Danse et art

« Flux Job » de Lucy Guérin – Dance Informa Magazine

Maison des Arts, Melbourne.
16 mars 2022.

Le simple fait d’être là était une chose. Comme dans, en direct, avec des gens non pixellisés. Comme il était approprié que le monde vif et hyper coloré de Lucy Guerin Tâche Flux devrait être tellement fracturé – un monde ressemblant à un monde mais divisé en segments et reconstruit pour se ressembler. Est-ce une banalité, l’univers (ou la société) comme phénomène agrégé, assemblage de parties, ou comme réduction, quelque chose dénudé de ce qui le fait ? se sentir réel?

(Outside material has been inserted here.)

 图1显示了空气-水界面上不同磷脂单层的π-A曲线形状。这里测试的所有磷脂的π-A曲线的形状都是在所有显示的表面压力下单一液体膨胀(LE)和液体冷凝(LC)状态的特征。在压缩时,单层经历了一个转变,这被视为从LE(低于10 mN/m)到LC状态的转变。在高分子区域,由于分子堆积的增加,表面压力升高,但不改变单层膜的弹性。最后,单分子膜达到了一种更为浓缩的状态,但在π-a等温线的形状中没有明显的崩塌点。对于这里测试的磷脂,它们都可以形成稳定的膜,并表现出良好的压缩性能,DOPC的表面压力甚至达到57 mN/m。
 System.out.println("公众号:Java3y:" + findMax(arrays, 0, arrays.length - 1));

Créé à travers les verrouillages, Tâche Flux canalise l’espace médiatisé bidimensionnel de la partition pandémique. La notion de déconnexion résonne partout. Pourtant, sous les mèmes évidents de l’atomisation, il flirte avec des idées plus profondes sur la nature insubstantielle et éphémère du moi performé. Nos quatre « personnages » s’incarnent dans des scintillements, comme des premières impressions. Ici vite. Parti bientôt. Une personne pour la durée d’une peine. Un danseur pour l’extension d’un bras. Même leurs histoires personnelles sont en quelque sorte rendues transparentes. Des fantômes dans une machine peut-être ?

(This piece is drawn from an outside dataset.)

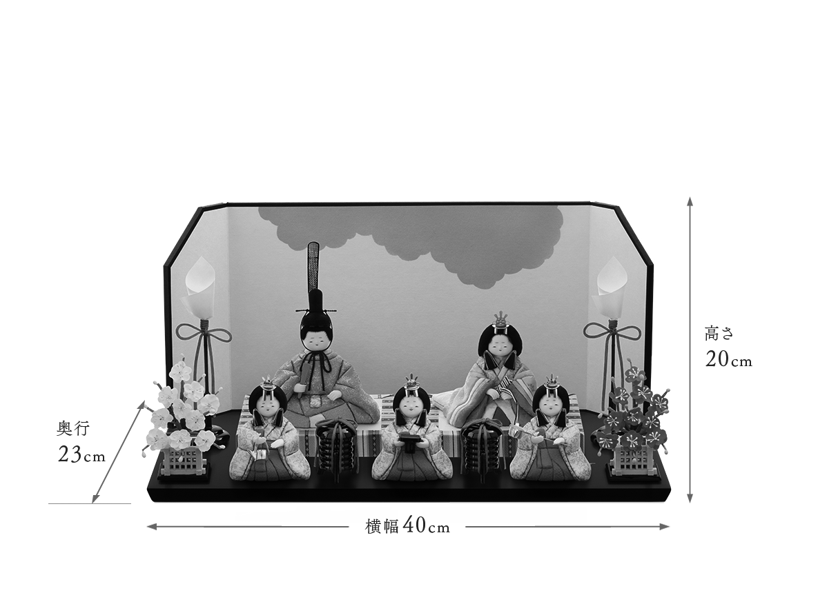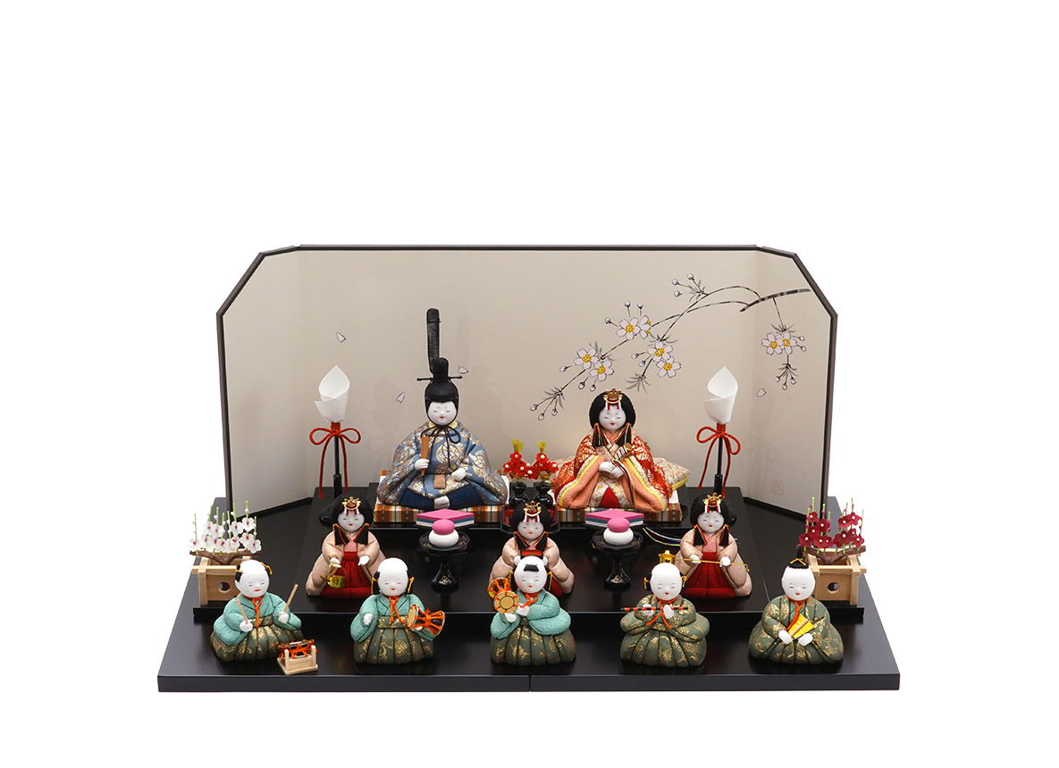 お人形やお道具などゆったりとお飾りいただける飾り台幅45cmの「竹」にご変更可能です。詳細はこちら⇒Topics「末広雛五人飾りの飾り台_竹につきまして」

La palette de mouvements de Guerin – mécaniste et primitif, intime et architectural – nous situe dans cet enfer. Qui sont ces gens de l’autre côté de l’écran ? Sont-ils comme nous ? Tout est légèrement irréel. La physicalité organique s’effondre en phrases répétables. À l’impression.

Un éclairage géométrique élégant illumine davantage le point. À la fois pop, et pourtant grand art. Cela pourrait être une fantaisie disco colorée ou une scène de science-fiction noire, où le discours bien conçu et numérisé fracture l’âme humaine.

Tâche Flux tire parti de cela avec quelques instants instantanés. Parfois, la danse ressemble plus à de vieilles photos, celles dont vous vous souvenez à moitié. Ou la scène change, et maintenant ça ressemble à Greenaway. Baroque et minimaliste à la fois. Guérin semble cartographier un certain terrain de mémoire partagée. De plus, une forme de nostalgie graphique. Le passé comme suite de poses mémorables. Peut-être que ça a toujours été comme ça.

Pourtant, pour tout cela, il serait juste de dire que Guerin ne réinvente pas la forme ici. Tâche Flux se trouve carrément – comme un pixel – dans ce domaine ironiquement flou que nous appelons la danse contemporaine. Le ton, la chorégraphie, le style visuel, le paysage sonore – c’est ce que c’est, et ne prétend pas être autrement. Pour une œuvre qui met à nu la qualité performative de soi dans un monde (dé)connecté, le choix de parler en phrases bien huilées n’est sûrement pas un hasard.

Quant au contemporain, il semble évident que Tâche Flux est une pièce de réaction. Cela se produit maintenant, dans l’étrange verset alternatif (post?) COVID. Il distille l’air du temps avec une rigueur conceptuelle et physique, et le fait suer et transpirer pour nous. Nous sommes des corps après tout, pas des avatars.

Peut-être qu’un jour l’urgence de la pièce s’estompera, lorsque la pandémie se sera aplatie en éclats de mémoire; mais pour l’instant Tâche Flux est contagieux avec pertinence et, en tant que tel, a de nombreux crochets. Pour un article sur la déconnexion, il existe de nombreux points de contact. Touché !

Par Paul Ransom de Informations sur la danse.